On the demand side, warmer temperatures have taken a toll. Consumption declined by about 19.1 Bcf per day as heating needs faded. Looking ahead, forecasters assign around 60% probability to the onset of El Nino in September, raising expectations for a potentially mild winter next season. Such weather patterns can cap upside momentum and limit speculative buying.

At the same time, liquefied natural gas (“LNG”) activity remains a key swing factor. LNG vessel movements and expanding export capacity suggest that firmer overseas shipments could lift consumption back above 20 Bcf per day. Stronger export flows would help tighten balances and partially offset domestic weather-related weakness.

Forecasts, Production and Risk-Reward

The U.S. Energy Information Administration projects a 2026 average price of $4.31 per MMBtu, signaling expectations for firmer pricing over time. However, production is also poised to climb toward 110 Bcf per day as new Permian Basin pipelines come online. Rising output could temper sustained rallies, even if demand rebounds.

While natural gas has extended the pullback from winter highs, the magnitude of the earlier drawdowns and subpar storage levels limited deeper losses. This underscores the tug-of-war between near-term weather softness and structural tightness.

What Should Investors Do

For investors, the setup presents a balanced but potentially improving risk-reward profile.

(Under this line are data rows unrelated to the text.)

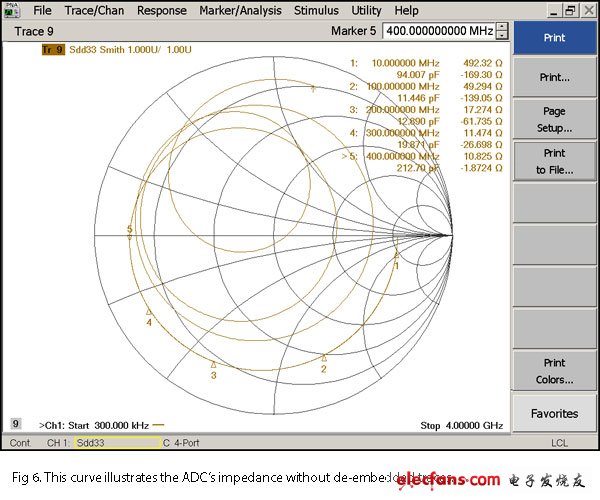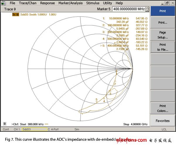 图7: 这条曲线说明了去掉前端电路寄生效应的ADC的阻抗。
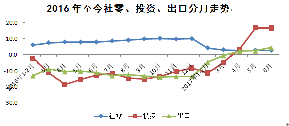 投资增速保持稳健。上半年全社会固定资产投资实现213.0亿元,增长16.6%。四大投资领域呈“三增一降”态势,房地产、商贸业、公共基础设施完成投资163.3亿元、10.2亿元和20.9亿元,分别增长19.0%、8.7%和52.1%;工业投资完成18.3亿元,下降6.2%,降幅比上月收窄13.4个百分点。
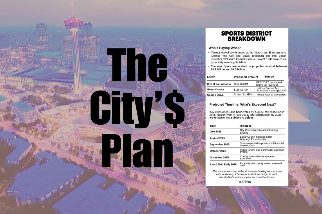 Though separate, the City’s plan and Bexar County’s proposed hotel and venue tax are aligned by geography and timing. Both could help fund parts of the arena, but neither ensures construction—any progress depends on collective alignment.

The bull case rests on below-average storage, European replenishment needs and the possibility of forecast errors that revive demand. The bear case hinges on warmer weather, mild winter expectations and rising production.

At this time, maintaining exposure to names such as The Williams Companies, Comstock Resources and Expand Energy may offer a measured way to participate in any recovery while monitoring fundamental shifts closely.

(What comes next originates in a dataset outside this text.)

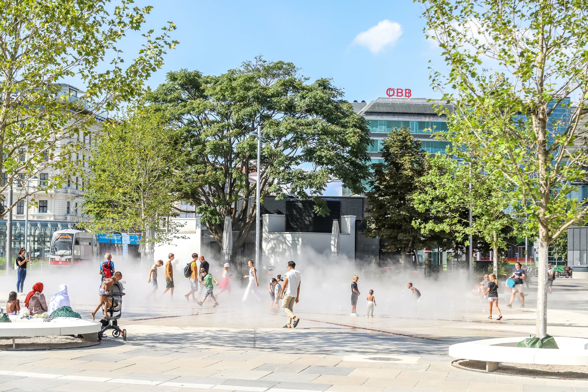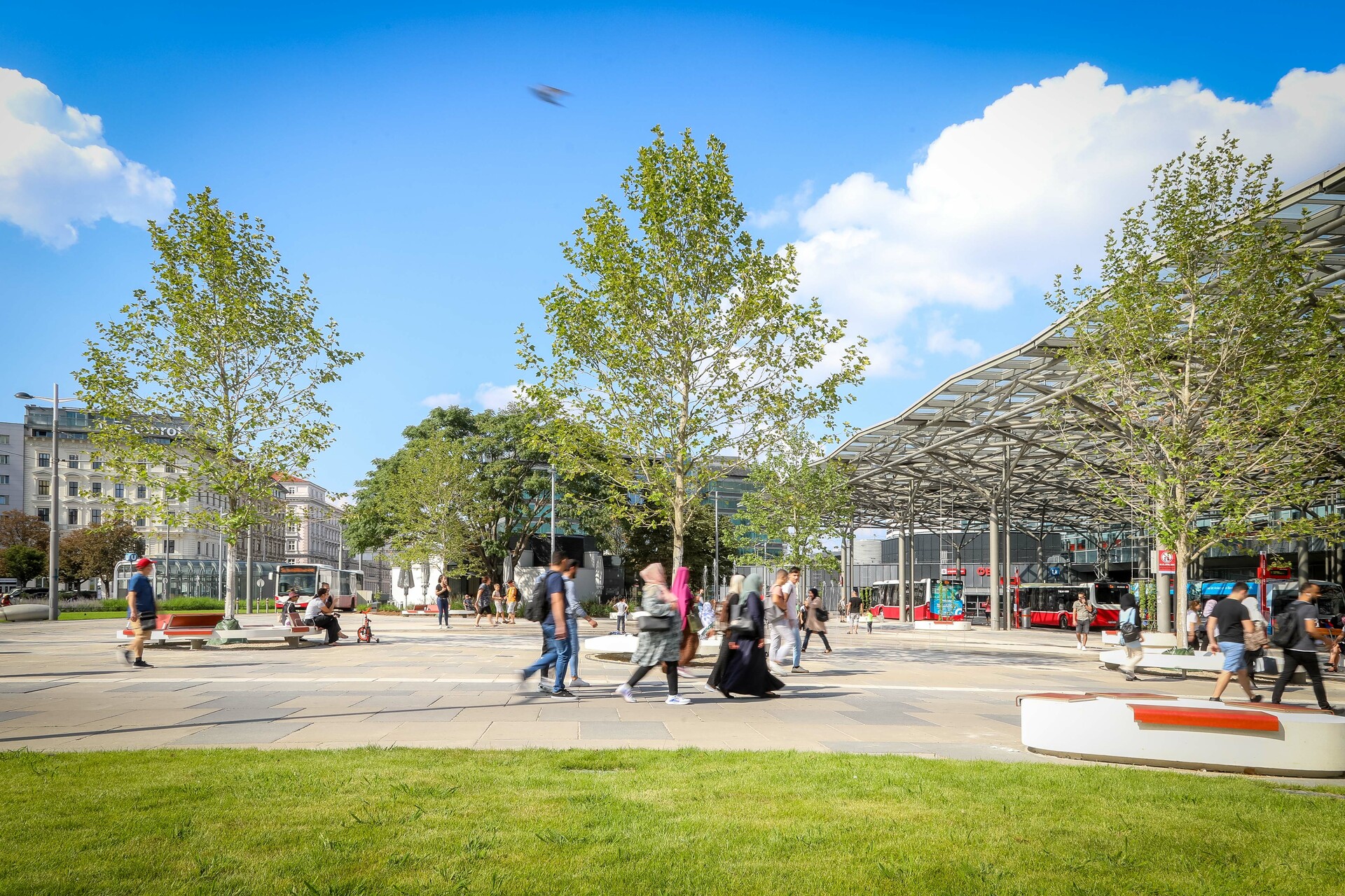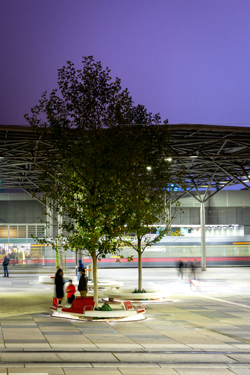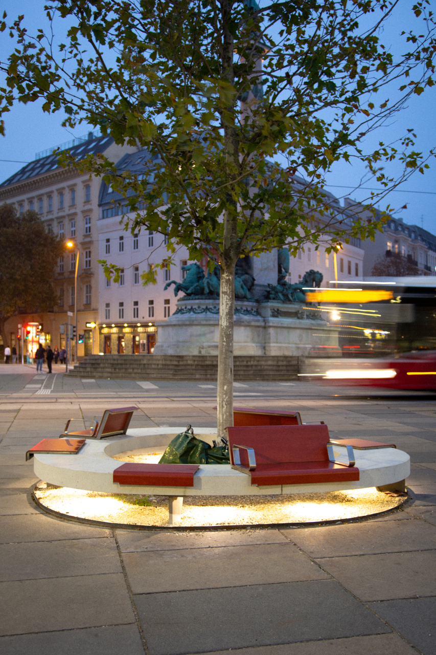 »Und das war alles andere als einfach«, so Dessovic. »Wir sind den gesamten Platz mit dem ober- und unterirdischen Leitungs- und Installationsplan abgegangen, der aussieht wie ein wilder Spaghetti-Teller, und ich kann mit bestem Gewissen sagen: Es gibt heute keinen einzigen Quadratmeter mehr, an dem man noch einen weiteren Baum pflanzen könnte. Alle Reserven sind ausgeschöpft, mehr geht nicht mehr.« Schon jetzt ist die subjektiv gefühlte Temperatur im Hochsommer, wie Studien ergeben haben, um 10 bis 15 Grad Celcius kühler als die tatsächliche Umgebungstemperatur.

3 Natural Gas Stocks to Focus On

The Williams Companies: U.S. natural gas demand is projected to grow significantly in the long term, and The Williams Companies seems to be well-positioned to capitalize on the same, owing to its impressive portfolio of large-scale value-creating projects. With its extensive network handling a third of the U.S. natural gas and significant expansion projects in the pipeline, Zacks Rank #3 (Hold), Williams is set to benefit from favorable industry dynamics and growth prospects. You can see the complete list of today’s Zacks #1 Rank (Strong Buy) stocks here.

The Zacks Consensus Estimate for the company’s 2026 earnings per share indicates 10.5% year-over-year growth. Williams Companies’ expected EPS growth rate for three to five years is currently 24.1%, which compares favorably with the industry's growth rate of 10.5%. 

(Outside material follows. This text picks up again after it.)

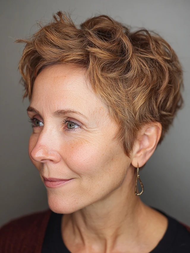 A pixie with textured layers adds lift and movement while keeping hair light and easy to style.

Comstock Resources: It is an independent natural gas producer based in Frisco, TX, with operations concentrated in north Louisiana and East Texas. Comstock Resources — currently carrying a Zacks Rank of 3 — is fully focused on developing the Haynesville and Bossier shales, two of the largest gas plays in the United States. 

CRK holds a large acreage position across the Haynesville, giving it direct exposure to Gulf Coast LNG demand growth. Its production is 100% natural gas, making it one of the most gas-levered E&Ps in the sector. The Zacks Consensus Estimate for Comstock Resources’ 2026 earnings per share indicates a 27.8% year-over-year surge. The firm has a trailing four-quarter earnings surprise of roughly 56.9%, on average.

Expand Energy: Expand Energy has emerged as the largest natural gas producer in the United States after completing the Chesapeake–Southwestern merger. With a strong footprint in the Haynesville and Marcellus basins, the Zacks #3 Ranked company is well positioned to benefit from rising natural gas demand fueled by LNG exports, growing AI and data-center power needs, EV adoption and broader electrification trends.

The Zacks Consensus Estimate for Expand Energy’s 2026 earnings per share indicates a 38.1% year-over-year improvement. The firm has a trailing four-quarter earnings surprise of roughly 4.9%, on average.